茶色みがかった黒の双眸から止まることなく溢れ、流れ落ちる大粒の涙。
いつから涙を流されていたのだろう。
そんな疑問が頭に浮かんだが、兵士の最後の言葉を思い出した。
わたしのために。
わたしのために・・・涙を?
しかし横たわって自らも涙を流していた
あの兵士に、ユウリ殿が泣いていたことを知ることができただろうか。
それとも
主自らの感謝の言葉と、傍にいる間中注がれていた穏やかな笑顔に・・・?
首を振る。
ああ、それがなんだったにしろ、彼に向けられた主の全てに。
なによりもきっと傍らに在ったユウリ殿自身に。彼は微笑みながら逝った。
それにしても、私は涙を流す軍主殿を見ながら、胸が痛まないことに我ながら
不思議に思った。
単に驚きが勝ってしまったのだろうか。
その涙はあまりに透明で綺麗な涙だった。
はっ、と我に返り、ポケットからきちんとたたんだハンカチを取り出す。
「ユウリ殿」
目の前に差し出されたハンカチに少年は一瞬驚いて瞬きをした。

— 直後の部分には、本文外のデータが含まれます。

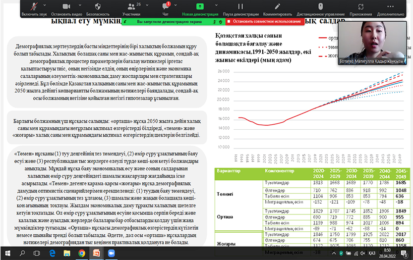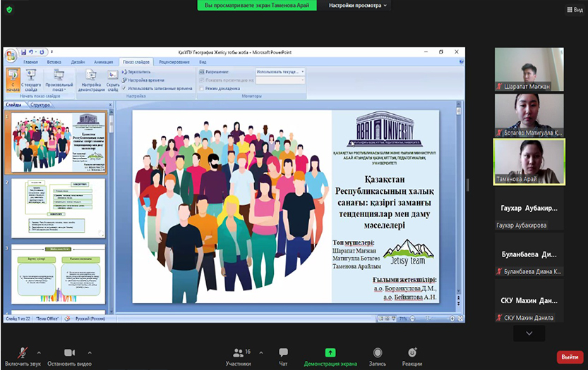 The Olympiad was held in three rounds: team presentation; online test; project defence. Team Zhetysu defended the research project on «Population Census in Kazakhstan: current trends and problems of development».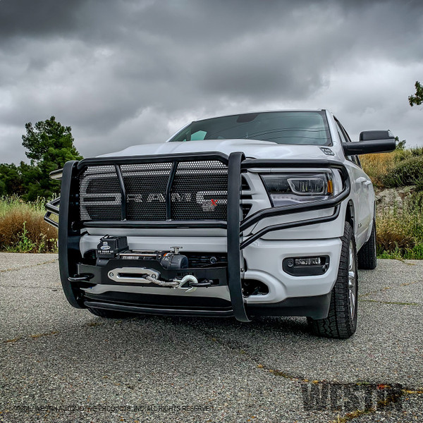 Westins HDX(TM) Winch Mount Grille Guards are the maximum in grille guard design engineering and capability. Accommodates most manufacturer winches with up to 12000 lbs rated line pull. The winch tray is pre drilled for winch mounting and utilize a low profile MAX(TM) winch tray faceplate where applicable.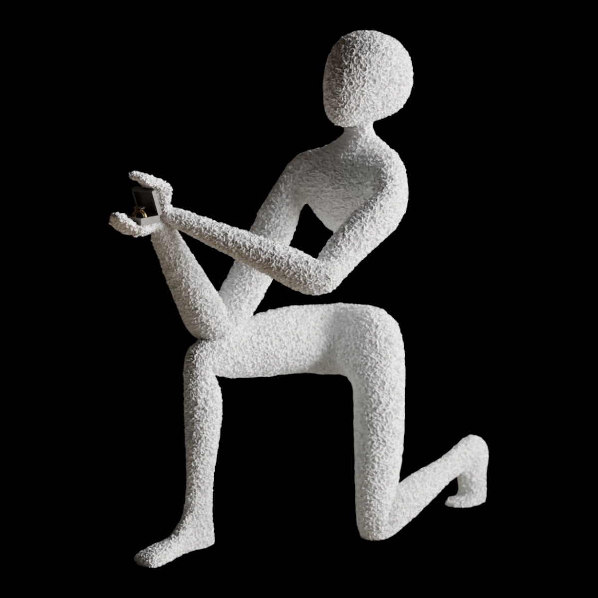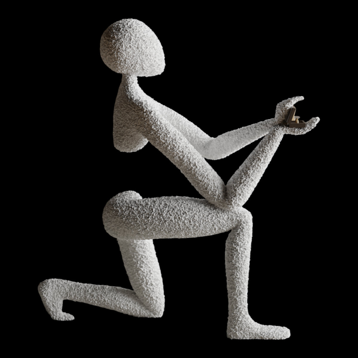 "NObody's Proposal: A Symbol of Timeless Love" adlı minimalist heykelle sevginin ve bağlılığın özünü kucaklayın; bu heykel, zaman içinde donmuş bir jestin derin güzelliğini yakalıyor. Zarif bir şekilde diz çökmüş, yüzü görünmeyen bu figür, sonsuz bağlılığın sembolü olarak bir yüzük kutusu sunuyor.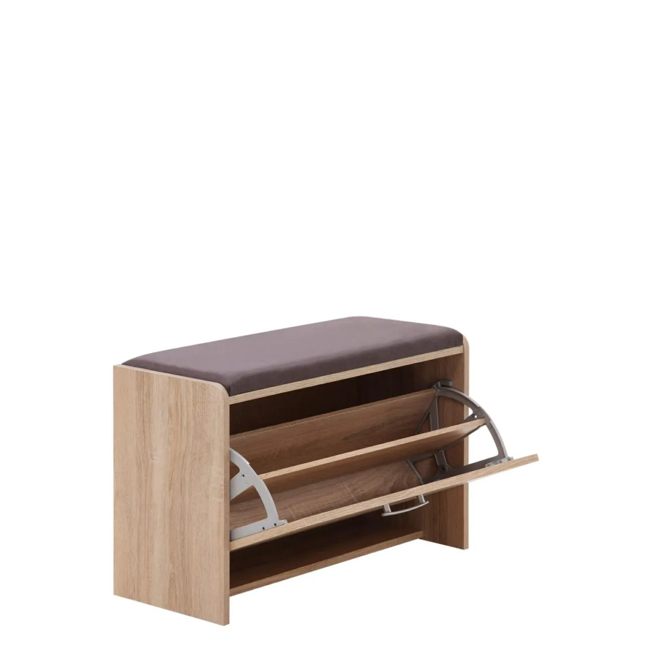 - Blat szafki pokryto brązowym – polerowanym welurem. Tworzy siedzisko, dzięki czemu możesz na nim usiąść, by wygodnie włożyć buty.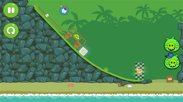 3、利用场景地形如斜坡,让载着猪的木车顺势下滑,途中注意躲避障碍,使猪顺利前进。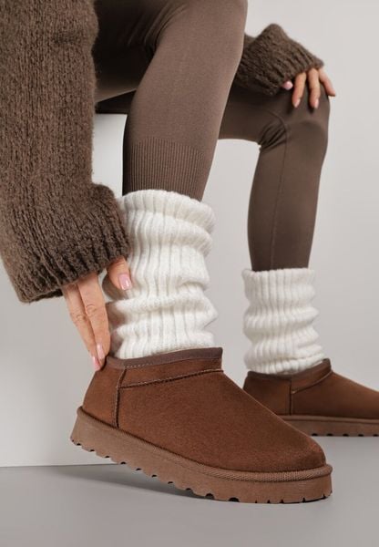 Brązowe Wsuwane Śniegowce na Platformie z Cholewką z Zamszu Naturalnego Mevelessa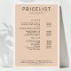 Modern, price list poster. Edit your product in a few minutes by adding your data. You can change the font/colour/position by "further personalisation".
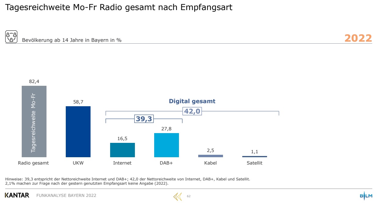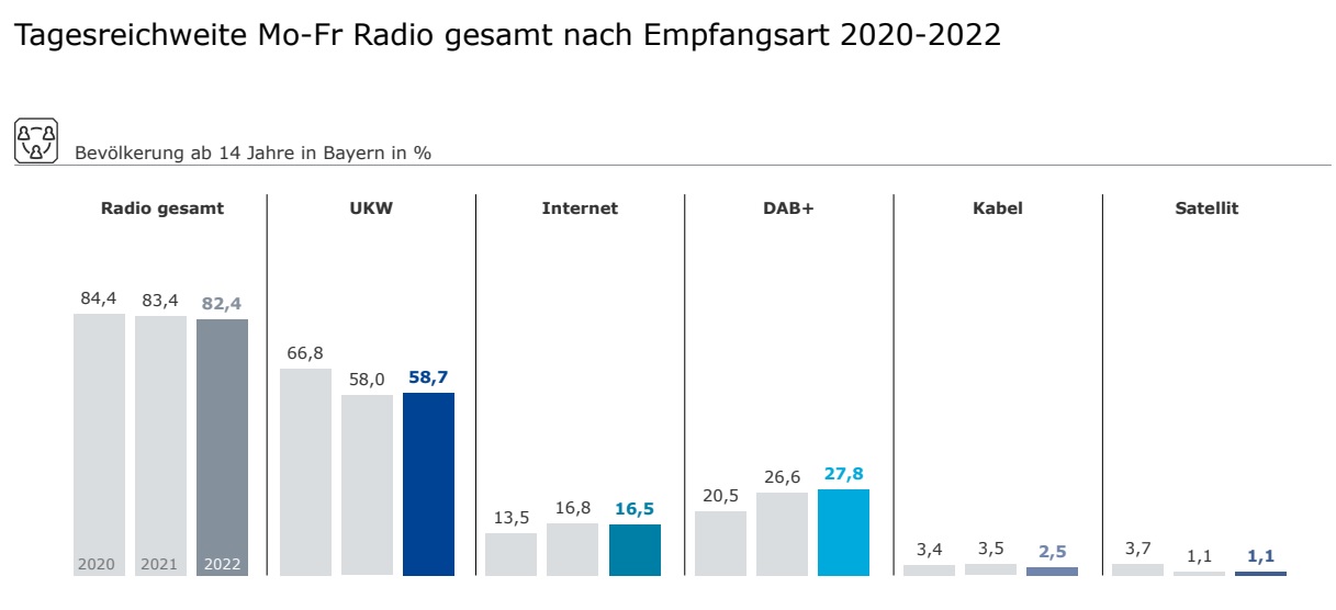 hört doch gar kein Radio über Astra. das ist eine absolute Nische. über diesen Verbreitungsweg wird noch weniger Radio gehört als über DVB-C / VF-Kabel. nur über DVB-T2 hören noch weniger Menschen Radio. das geht aus den Audio Trends hervor. wobei DVBT-2 in Bayern m.W. nicht für Radio genutzt wird, nur in Berlin und Norddt.land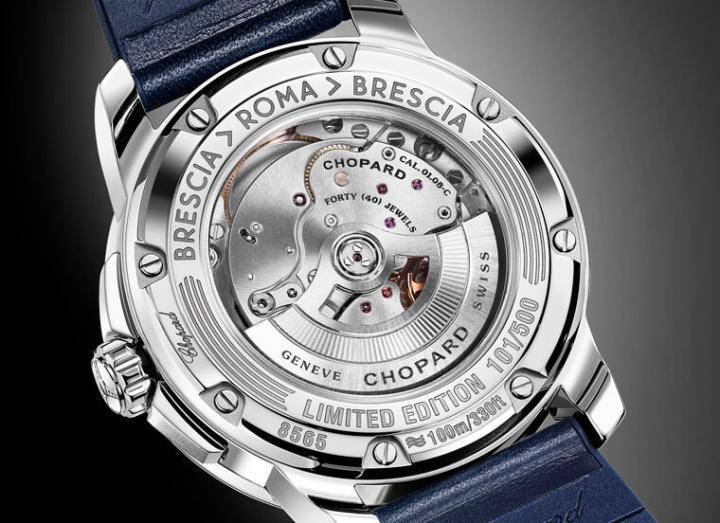 表款搭載蕭邦嶄新研發的Chopard 96.25-C自動機芯, 這枚機芯的功能性比起Happy Sport的三針款來得複雜,且其採用微型自動盤設計的好處在於可以降低機芯的厚度,使腕錶在顯時功能變得更充實之餘,還能兼顧佩戴舒適度,且機芯無論是底板與夾板的日內瓦波紋與魚鱗紋,抑或零件邊緣的倒角拋光等,也都展現一流表廠的身手,同時底蓋邊緣所鐫刻的」CHRONOMETER」字樣也透露出機芯的走時精準度通過瑞士天文認證,於搶眼外貌下同樣具備紮實可靠的內涵。

目にたまった
大きな涙の粒がぼろりと落ちる。
そして私の手からハンカチを受け取ると涙を拭いた。
「ありがとう、ボリス」
私の目を見ると、少し恥ずかしそうに笑う。
ハンカチをしまおうとするので、受け取る為に手を出すが、ちゃんと洗って
アイロンもかけてから返す、と言われた。
私はそんなつもりはなかったのだが、
軍主殿がこういうことに頑固なことを知るには既に充分な時間を過ごしていた
ので、素直に聞くことにした。
少年はすくっと立ち上がると、テントの出口を向いた。
「ボリス、行こうか」
「はい」
想像していたよりもしっかりとした声に、こちらもしっかりと答える。
ユウリ殿はテントを出る寸前、短く中を振り返った。
チラと垣間見たのは静かな笑み。
兵士の死には嘆くよりも感謝の意を示して欲しいな、と思ったので。
できれば涙を流してはいても悲しみだけでないように書きたかったんですが、
そこまで書き込むことができていませんね・・・。
己の文章力の無さにギブアップ。無念ー!
でも、それくらいにティントイベントを終えた2主には強くなっていて欲しい。